▶ _Data to use_:

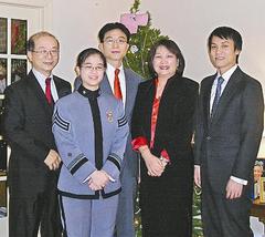 以第一名成绩自西点军校毕业的刘洁(左二),已经成为全家人的骄傲,图为刘洁与其家人合影。(刘洁提供)
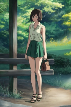 ((HRD, HUD, 8K)),((masterpiece, best quality)), highly detailed, soft light,1girl, solo, short hair, black hair, brown hair, bob cut, blue eyes,shirt, sleeveless, green skirt, sleeveless shirt,skirt, sandals, full body, long legs, standing, looking at viewer,<lora:20240421-1713705200913:0.8>
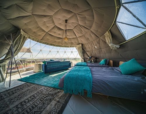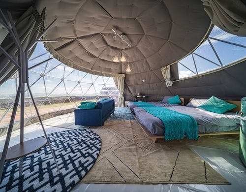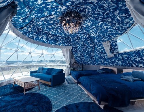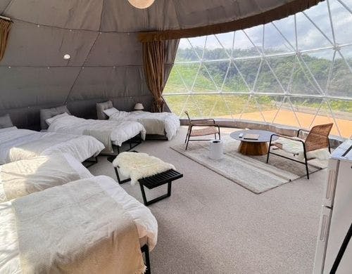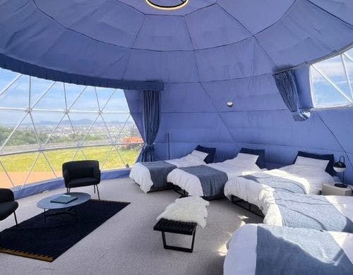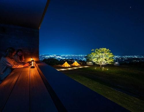 倉敷の中心街から車で15分。 岡山の街並みを一望できる眺めと、「空」の美しさを堪能できるグランピングリゾート。
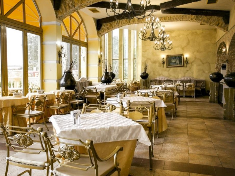 Mancare si bauturi: - Mic dejun: 07:30 - 10:00 Bufet - o varietate de preparate calde si reci, specialitati din oua, diverse lactate, carnati si branzeturi, produse de patiserie, cereale, fructe, bauturi racoritoare si calde. - Pranz: 13:00 - 15:00 Bufet - o varietate de salate si supe proaspete, o mare varietate de mancaruri bulgaresti si internationale, mancaruri vegetariene si din carne, paste, o selectie de produse de panificatie, un bufet dulci cu o varietate de deserturi, apa, bauturi racoritoare si calde, bere, vin rosu si alb. - Cina: 18:00 - 21:00 Bufet - varietate de salate si supe proaspete, o mare varietate de mancaruri bulgaresti si internationale, mancaruri vegetariene si din carne, paste, bufet dulci cu o selectie de deserturi, ceai, cafea, lapte, apa si bauturi racoritoare, bere, vin rosu si alb. * Cod vestimentar pentru pranz si cina - Casual | Cine tematice in restaurantul principal Gustari si bauturi: Lobby bar Safari: 10:00 - 17:00 Bauturi bulgare fara alcool, cu continut scazut de alcool si cu continut ridicat de alcool. Pool Bar : 10:00 - 22:00 Bauturi bulgaresti fara alcool, cu continut scazut de alcool si cu continut ridicat de alcool. Snack bar Victoria: 10:00 - 16:00 - Gustari - Serveste o varietate de sandvisuri, burgeri, fructe proaspete, inghetata, bauturi calde si reci *Snack bar Victoria 18:00 - 20:00 - Cina - Bufet /doar la ocupare mare/. Victory Pub: 17:00-23:00 - Bauturi bulgaresti fara alcool, cu continut scazut de alcool si cu continut ridicat de alcool.
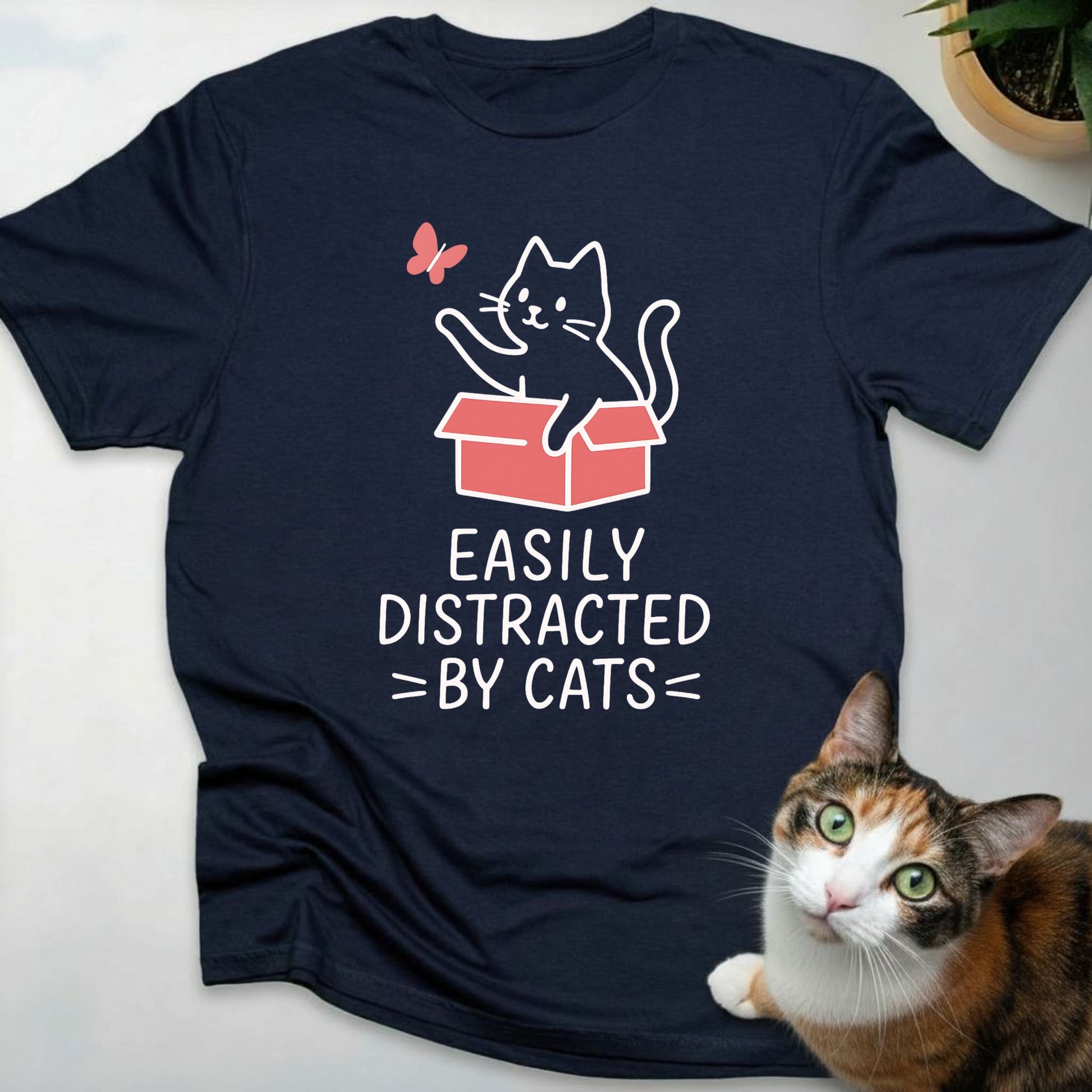 Because who can resist a cat in a box? This playful tee features a curious kitty reaching for a butterfly, perfectly capturing the everyday distractions of cat lovers. Fun, minimalistic, and easy to wear, it makes a purr-fect gift for anyone who can’t stay focused when there’s a cat around.
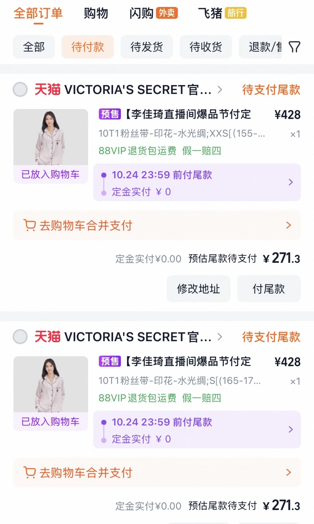 一件xxs 一件s 直接改地址

▶ _Required work_:
All that is wanted is the lines from the one holding "((HRD, HUD, 8K)),((masterpiece, best" through the end of the material, duplicated exactly, with no pictures.

▶ _Exercise response_:
 ((HRD, HUD, 8K)),((masterpiece, best quality)), highly detailed, soft light,1girl, solo, short hair, black hair, brown hair, bob cut, blue eyes,shirt, sleeveless, green skirt, sleeveless shirt,skirt, sandals, full body, long legs, standing, looking at viewer,<lora:20240421-1713705200913:0.8>
 倉敷の中心街から車で15分。 岡山の街並みを一望できる眺めと、「空」の美しさを堪能できるグランピングリゾート。
 Mancare si bauturi: - Mic dejun: 07:30 - 10:00 Bufet - o varietate de preparate calde si reci, specialitati din oua, diverse lactate, carnati si branzeturi, produse de patiserie, cereale, fructe, bauturi racoritoare si calde. - Pranz: 13:00 - 15:00 Bufet - o varietate de salate si supe proaspete, o mare varietate de mancaruri bulgaresti si internationale, mancaruri vegetariene si din carne, paste, o selectie de produse de panificatie, un bufet dulci cu o varietate de deserturi, apa, bauturi racoritoare si calde, bere, vin rosu si alb. - Cina: 18:00 - 21:00 Bufet - varietate de salate si supe proaspete, o mare varietate de mancaruri bulgaresti si internationale, mancaruri vegetariene si din carne, paste, bufet dulci cu o selectie de deserturi, ceai, cafea, lapte, apa si bauturi racoritoare, bere, vin rosu si alb. * Cod vestimentar pentru pranz si cina - Casual | Cine tematice in restaurantul principal Gustari si bauturi: Lobby bar Safari: 10:00 - 17:00 Bauturi bulgare fara alcool, cu continut scazut de alcool si cu continut ridicat de alcool. Pool Bar : 10:00 - 22:00 Bauturi bulgaresti fara alcool, cu continut scazut de alcool si cu continut ridicat de alcool. Snack bar Victoria: 10:00 - 16:00 - Gustari - Serveste o varietate de sandvisuri, burgeri, fructe proaspete, inghetata, bauturi calde si reci *Snack bar Victoria 18:00 - 20:00 - Cina - Bufet /doar la ocupare mare/. Victory Pub: 17:00-23:00 - Bauturi bulgaresti fara alcool, cu continut scazut de alcool si cu continut ridicat de alcool.
 Because who can resist a cat in a box? This playful tee features a curious kitty reaching for a butterfly, perfectly capturing the everyday distractions of cat lovers. Fun, minimalistic, and easy to wear, it makes a purr-fect gift for anyone who can’t stay focused when there’s a cat around.
 一件xxs 一件s 直接改地址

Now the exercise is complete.